In projective geometry, the Laguerre–Forsyth invariant is a cubic differential that is an invariant of a projective plane curve. It is named for Edmond Laguerre and Andrew Forsyth, the latter of whom analyzed the invariant in an influential book on ordinary differential equations.

Suppose that ${\displaystyle p:\mathbf {P} ^{1}\to \mathbf {P} ^{2}}$ is a three-times continuously differentiable immersion of the projective line into the projective plane, with homogeneous coordinates given by ${\displaystyle p(t)=(x_{1}(t),x_{2}(t),x_{3}(t))}$ then associated to p is the third-order ordinary differential equation

${\displaystyle \left|{\begin{matrix}x&x'&x''&x'''\\x_{1}&x_{1}'&x_{1}''&x_{1}'''\\x_{2}&x_{2}'&x_{2}''&x_{2}'''\\x_{3}&x_{3}'&x_{3}''&x_{3}'''\\\end{matrix}}\right|=0.}$

Generically, this equation can be put into the form

${\displaystyle x'''+Ax''+Bx'+Cx=0}$

where ${\displaystyle A,B,C}$ are rational functions of the components of p and its derivatives. After a change of variables of the form ${\displaystyle t\to f(t),x\to g(t)^{-1}x}$, this equation can be further reduced to an equation without first or second derivative terms

${\displaystyle x'''+Rx=0.}$

The invariant ${\displaystyle P=(f')^{2}R}$ is the Laguerre–Forsyth invariant.

A key property of P is that the cubic differential P(dt)³ is invariant under the automorphism group ${\displaystyle PGL(2,\mathbf {R} )}$ of the projective line. More precisely, it is invariant under ${\displaystyle t\to {\frac {at+b}{ct+d}}}$, ${\displaystyle dt\to {\frac {ad-bc}{(ct+d)^{2}}}dt}$, and ${\displaystyle x\to C(ct+d)^{-2}x}$.

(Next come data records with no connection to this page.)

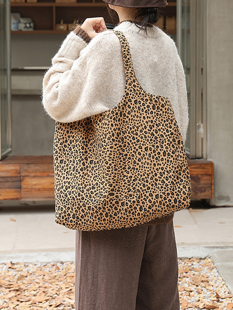 Bolsa de ombro feminina retrô com estampa de leopardo em camurça e dois lados.
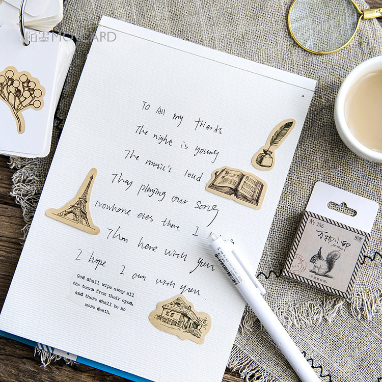 复古万物印章牛皮纸色手帐贴纸动物装饰diy信封封口素材盒装贴画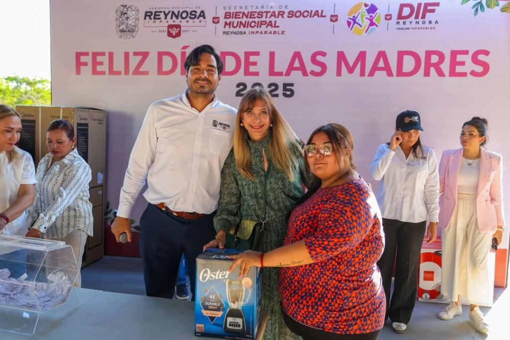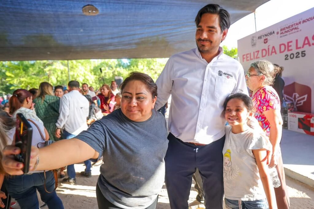 Reynosa, Tamaulipas. El Alcalde Carlos Peña Ortiz organizó un alegre festejo para conmemorar el Día de las Madres en el fraccionamiento Loma Real, donde las madres fueron tratadas como reinas y donde la Senadora Maki Ortiz se unió a la celebración, aportando regalos para las festejadas y llenando el evento de alegría y emoción.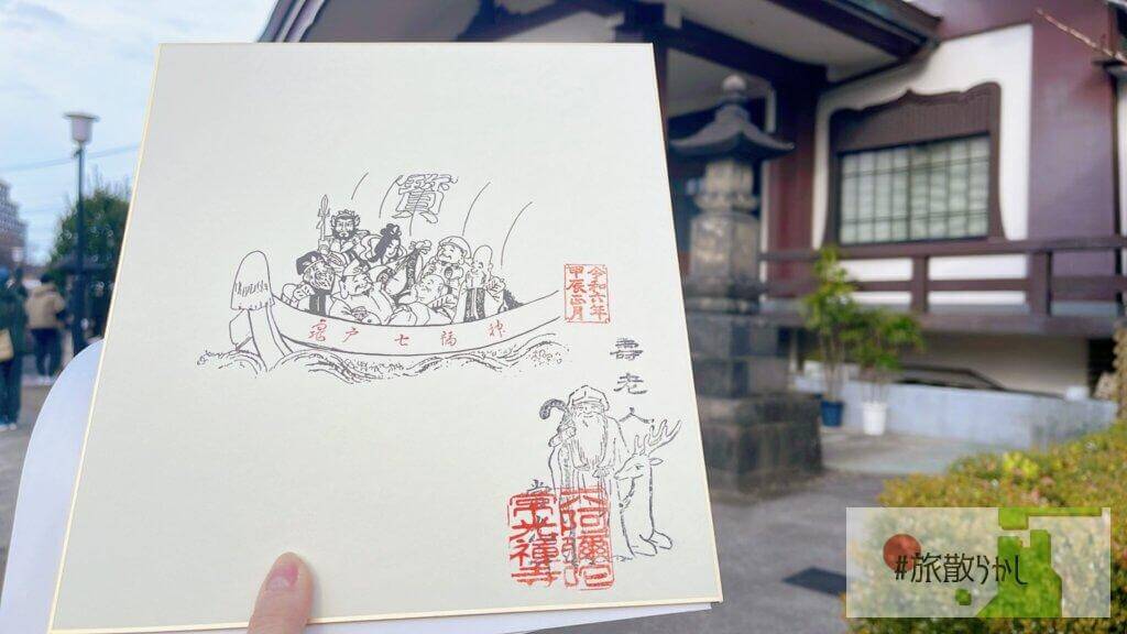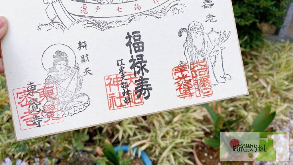 | 授与品 | ・七福神色紙500円+各寺社で押印代200円 ・御朱印帳への記帳 300~500円 ・絵合わせ台紙パズルは平成30年に廃止 ・亀甲七福神手ぬぐい1000円 |

The invariant P vanishes identically if (and only if) the curve is a conic section. Points where P vanishes are called the sextactic points of the curve. It is a theorem of Herglotz and Radon that every closed strictly convex curve has at least six sextactic points. This result has been extended to a variety of optimal minima for simple closed (but not necessarily convex) curves by Thorbergsson & Umehara (2002), depending on the curve's homotopy class in the projective plane.